PROBLEM REQUIREMENTS:
Please give back exactly the line with "the speech even" and each line after it through the end of the material, leaving out the pictures.

STORED DATA:
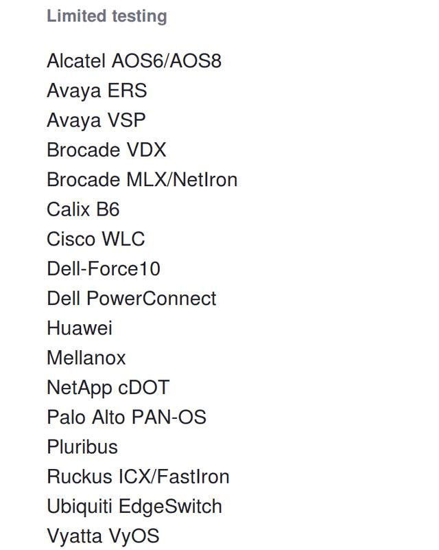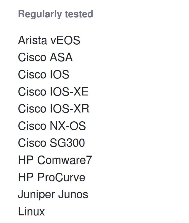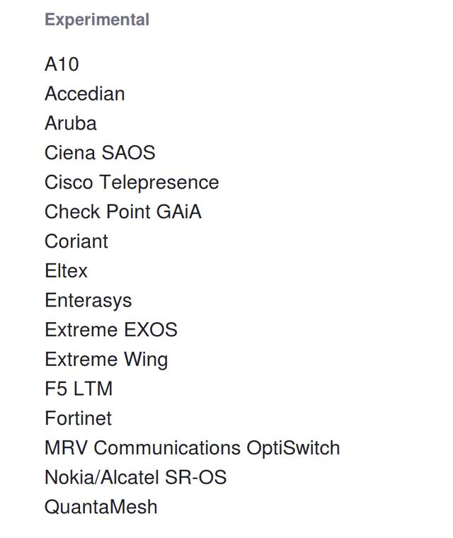 netmiko支持许多供应商的设备,并定期在支持列表中添加新的供应商。netmiko支持的供应商列表分为定期测试类、有限测试类和实验类。在该模块的GitHub页面上可以找到这个列表。
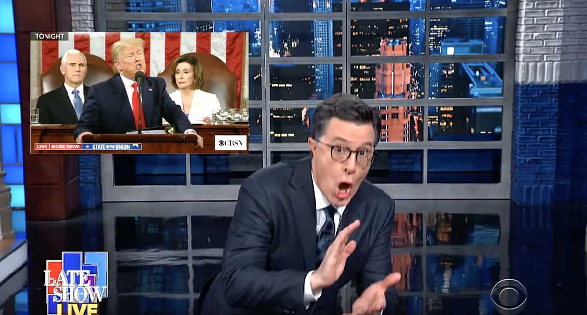 Said Colbert: “Before the speech even started, Trump threw shade: He wouldn't shake Nancy Pelosi's hand. You know what? Madam Speaker, next time don't offer him your hand, just offer him one finger.”
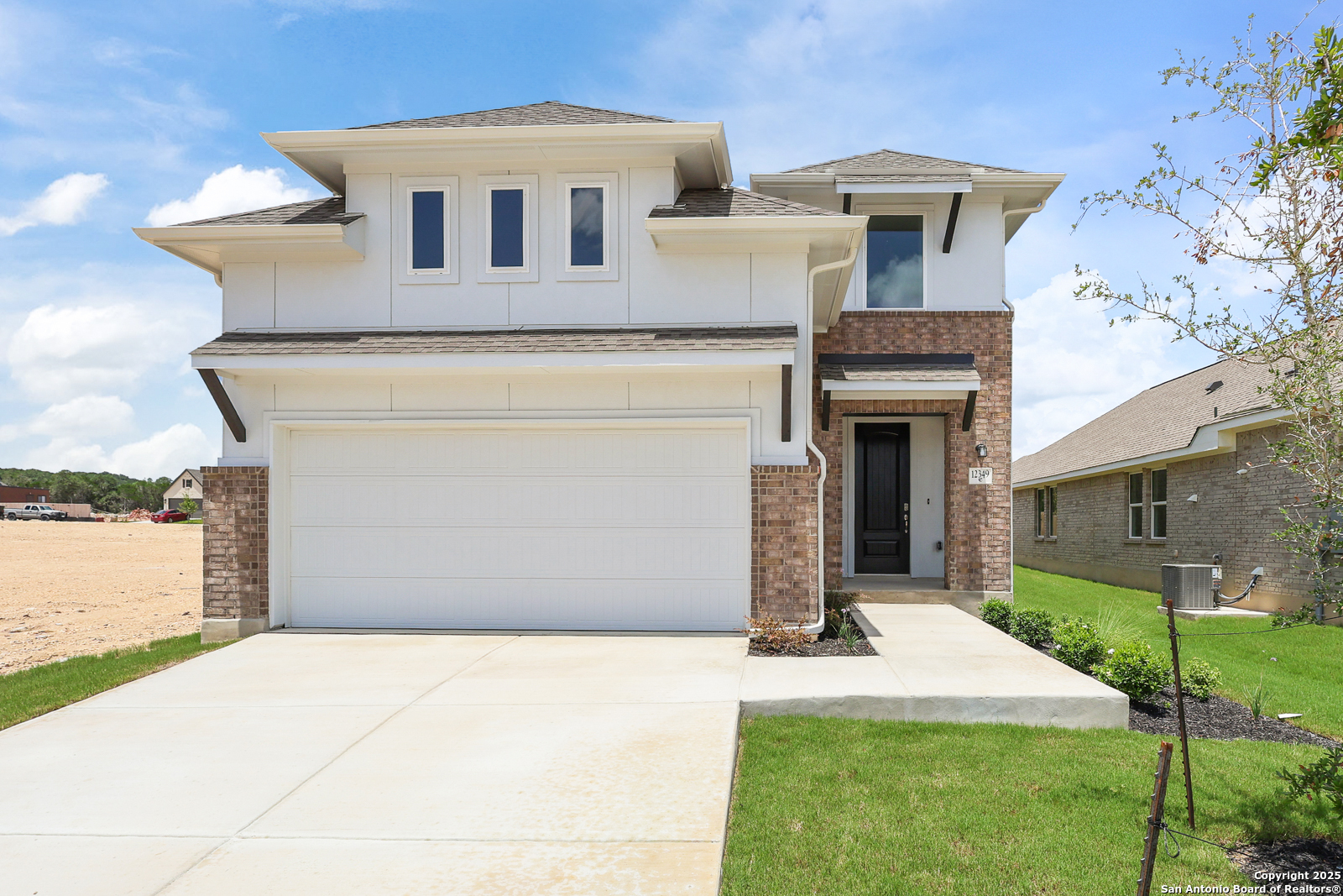 Welcome to the stunning Wingate plan! This exquisite 4-bedroom, 3-bath home boasts impressive 19-foot ceilings in the great room and an inviting open-concept great and dining area. The layout features a primary suite and a secondary bedroom conveniently located on the first floor. The beautiful kitchen is a chef's dream, showcasing a large island, a built-in wall oven, and a gas cooktop-perfect for culinary enthusiasts. Upstairs, you'll discover a spacious game room, along with two additional bedrooms and a full bathroom, providing plenty of room for family and guests. The primary suite is a true retreat, complete with a large soaking tub and a walk-in shower for ultimate relaxation. Outside, the covered patio offers a delightful setting for gatherings and relaxation. Davis Ranch also offers a beautiful community pool and recreation area, ensuring fun and entertainment for the whole family. Enjoy 40 miles of Hiking and Biking in Government Canyon State Natural Area. Come explore this stunning home in the master-planned community of Davis Ranch-schedule your visit today!
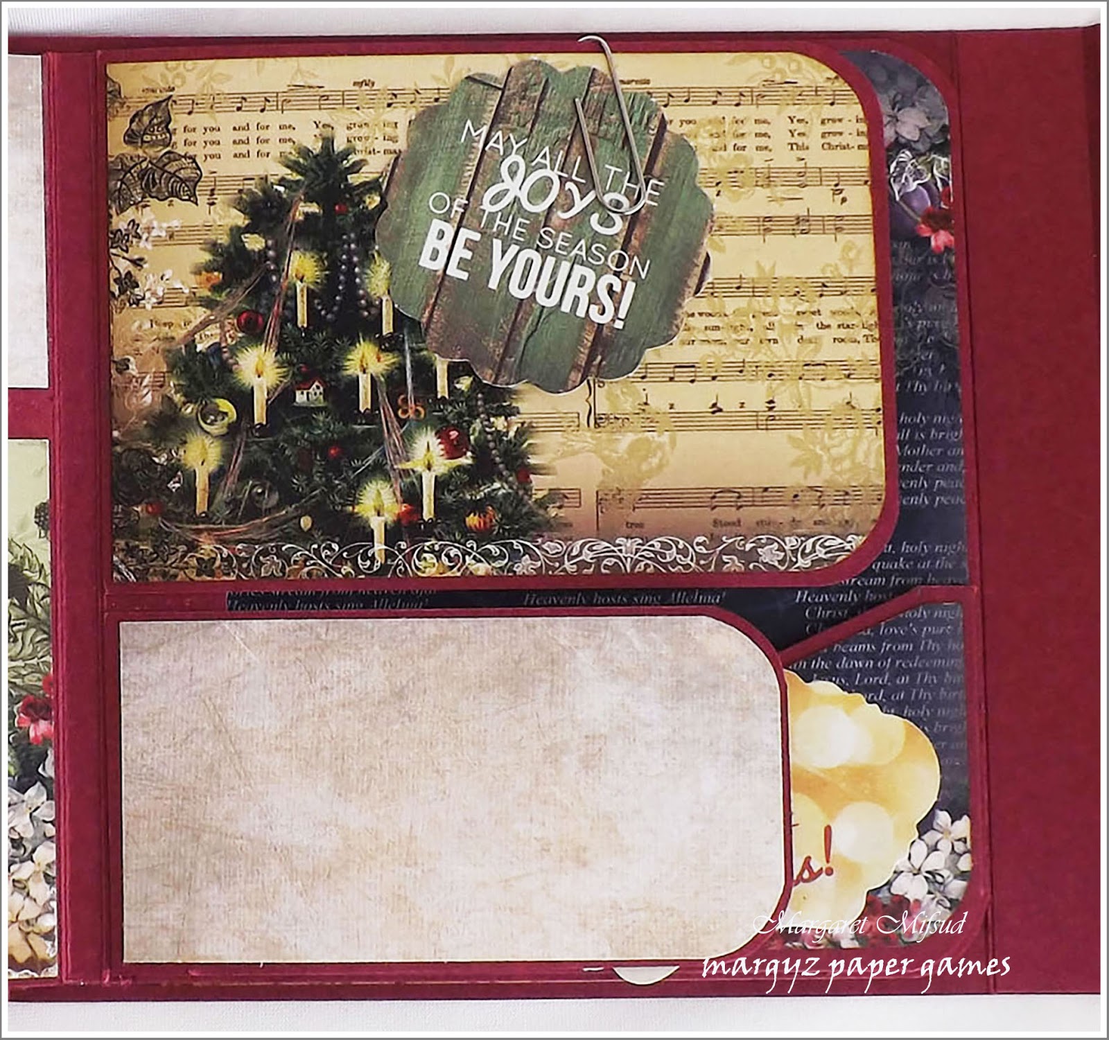 Oh wow Marg this album is sooo beautiful.. each page is a masterpiece and the papers really are so pretty.. love your albums, I hope you can fill it with wonderful Christmas memories!

OUTPUT BELOW:
 Said Colbert: “Before the speech even started, Trump threw shade: He wouldn't shake Nancy Pelosi's hand. You know what? Madam Speaker, next time don't offer him your hand, just offer him one finger.”
 Welcome to the stunning Wingate plan! This exquisite 4-bedroom, 3-bath home boasts impressive 19-foot ceilings in the great room and an inviting open-concept great and dining area. The layout features a primary suite and a secondary bedroom conveniently located on the first floor. The beautiful kitchen is a chef's dream, showcasing a large island, a built-in wall oven, and a gas cooktop-perfect for culinary enthusiasts. Upstairs, you'll discover a spacious game room, along with two additional bedrooms and a full bathroom, providing plenty of room for family and guests. The primary suite is a true retreat, complete with a large soaking tub and a walk-in shower for ultimate relaxation. Outside, the covered patio offers a delightful setting for gatherings and relaxation. Davis Ranch also offers a beautiful community pool and recreation area, ensuring fun and entertainment for the whole family. Enjoy 40 miles of Hiking and Biking in Government Canyon State Natural Area. Come explore this stunning home in the master-planned community of Davis Ranch-schedule your visit today!
 Oh wow Marg this album is sooo beautiful.. each page is a masterpiece and the papers really are so pretty.. love your albums, I hope you can fill it with wonderful Christmas memories!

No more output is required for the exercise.